Allow to easily deploy to `gh_pages`
Closed this issue · 7 comments
If I have a javascript project with a Package
that builds the frontend bundle, it should be really easy to add an Executable
that will deploy that built frontend bundle to the gh-pages
branch on github.
It should not modify your local git checkout state in any relevant way.
Possible api:
export const website = garn.javascript
.mkNpmProject({
description: "The garn.io website",
nodeVersion: "18",
src: ".",
})
.addPackage("build", "npm run build ; mv build/* $out/")
.addGhPagesDeploy("build");
// or:
.add(ghPagesDeploy("build", "npm run build ; mv build/* $out/"))

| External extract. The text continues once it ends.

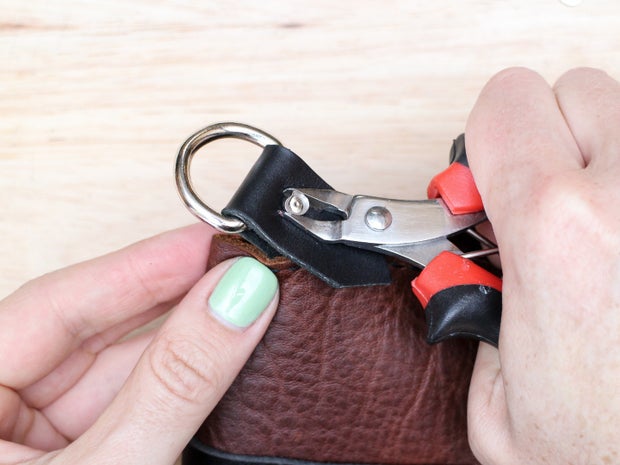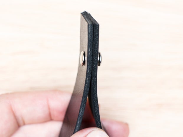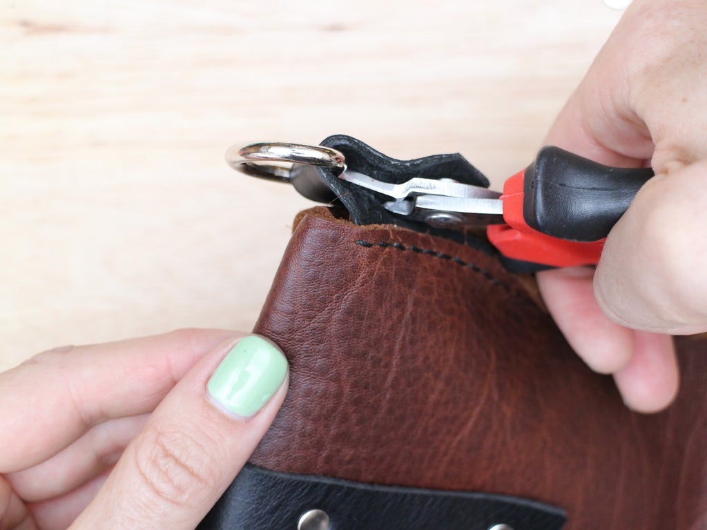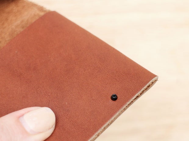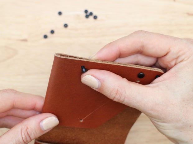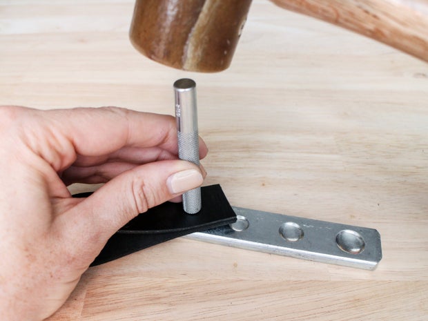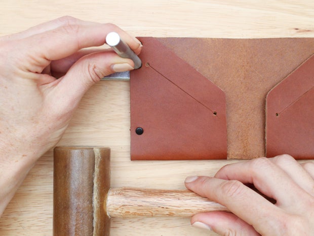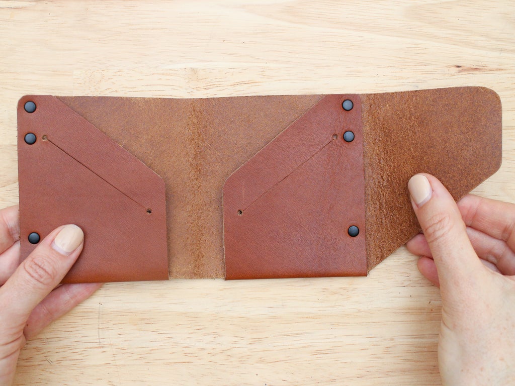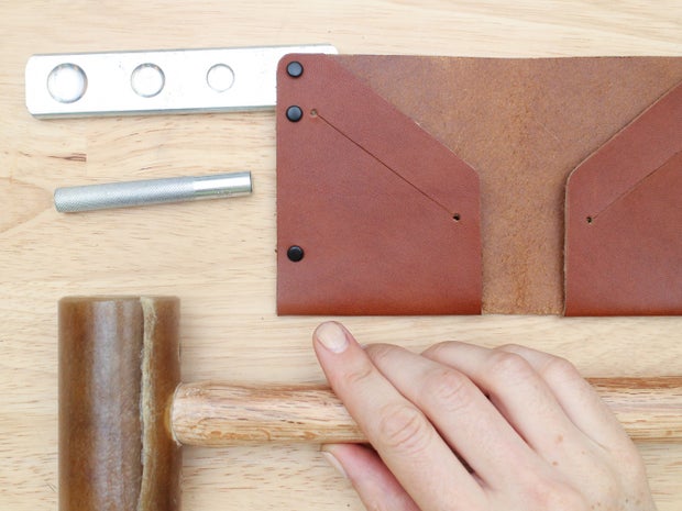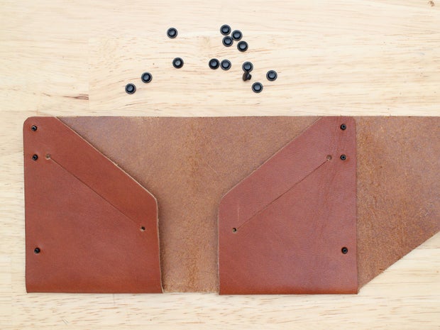 Now we are going to punch holes and rivet together the two folded flaps of the wallet.

// or: (@soenkehahn's personal favorite)
.add(ghPagesDeploy("build"))
Maybe even .add(ghPagesDeploy())
and the name defaults to something like deploy-gh-pages
, since most people probably don't care about customizing that, and it's not immediately obvious what the argument represents.
So the ghPagesDeploy
function needs to somehow know, which Package
to deploy to the gh-pages
branch. That's what the "build"
argument does.
Ah! It'd be nice if the argument were somehow of type Package
then. Though unclear how to do that nicely (cf. #396)
Yeah we spoke about something like this maybe:
.add(ghPagesDeploy(self => self.build))
But ideally ghPagesDeploy
could be made to work with all of these alternatives:
.add(ghPagesDeploy("build"))
.add(ghPagesDeploy(self => self.build))
.add(self => ghPagesDeploy(self.build)(self))
Yeah, exactly. So one option that @alexdavid and I were thinking of is that
Project.add
doesn't do much to make these things super convenient. Its type would just be something like<T extends Project, U extends Project>(p: T) => U
.- When you write a plugin, you can tweak this as much as you want. For example
ghPagesDeploy
could be overloaded and allow parameters of typestring
(thePackage
name on theProject
),Package
(if you happen to have aPackage
handy), but also(p: T) => Package
(so that you could write.add(ghPagesDeploy(self => self.build))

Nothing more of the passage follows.